But between refusing to integrate any of the things, making no institutional space for neithers,
failing to look after victims or to have any catharsis, not following through on the Agreement’s
promises, abusing community vetoes, it’s all gone quite wrong. It’s turned into a nasty fight.
With many unionists fighting a psychological battle against Irish culture as a proxy for Sinn Féin
and their own past pain. When I’m not so sure it’s really about Irishness at all. And many
nationalists despairing that unionists will ever be able to grasp their perspective, because the
DUP have so rarely had ears to hear the pain of nationalists or republicans, and seem in no hurry
to enact the equality that was voted for.

As a result we’d vote for polarisation again tomorrow.

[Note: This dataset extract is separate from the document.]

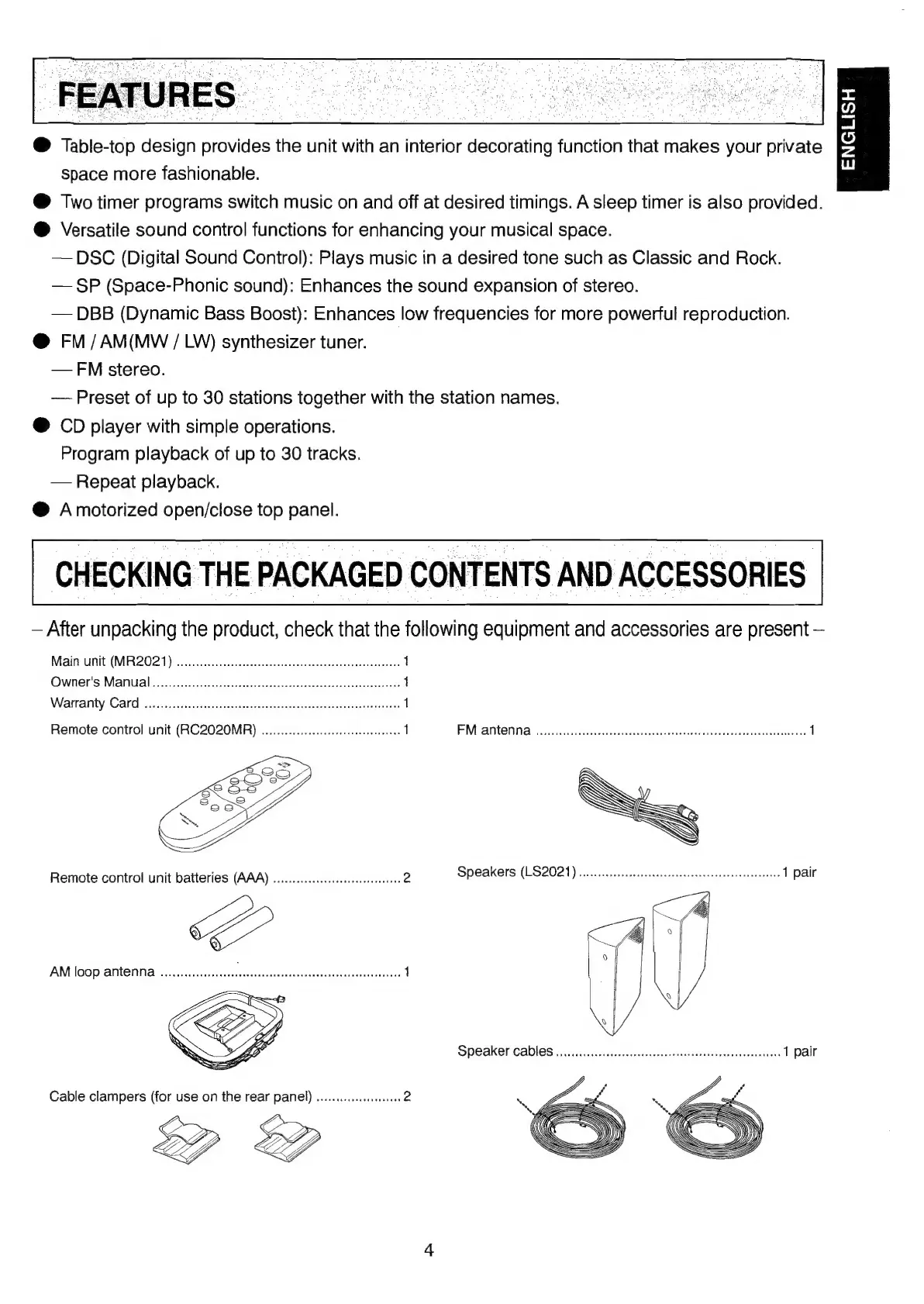 Marantz MR2020 - Features Overview; Package Contents and Accessories

Understandable. But the real mistake
we’re making is to think that the most insensitive versions of the DUP and Sinn Féin are
representative of all the people in those parties, never mind the people who vote for them. When
they’re really not. They’re just ordinary people backed into the same shitty corner as you.

All that said, I’m actually not depressed about the future of this place. Not about us, the people.
As far as I can see we’re lashing on with life. Most of us are getting on with each other pretty
well. We’re making lemonade. There is no will to go back to violence. Most of us were biting
back tears during that Madonna song in Derry Girls – remembering, galvanised, resolute. When
a new dissident republican group launched this week, rather than freaking out, we collapsed in
laughter at their choice of lilac gloves.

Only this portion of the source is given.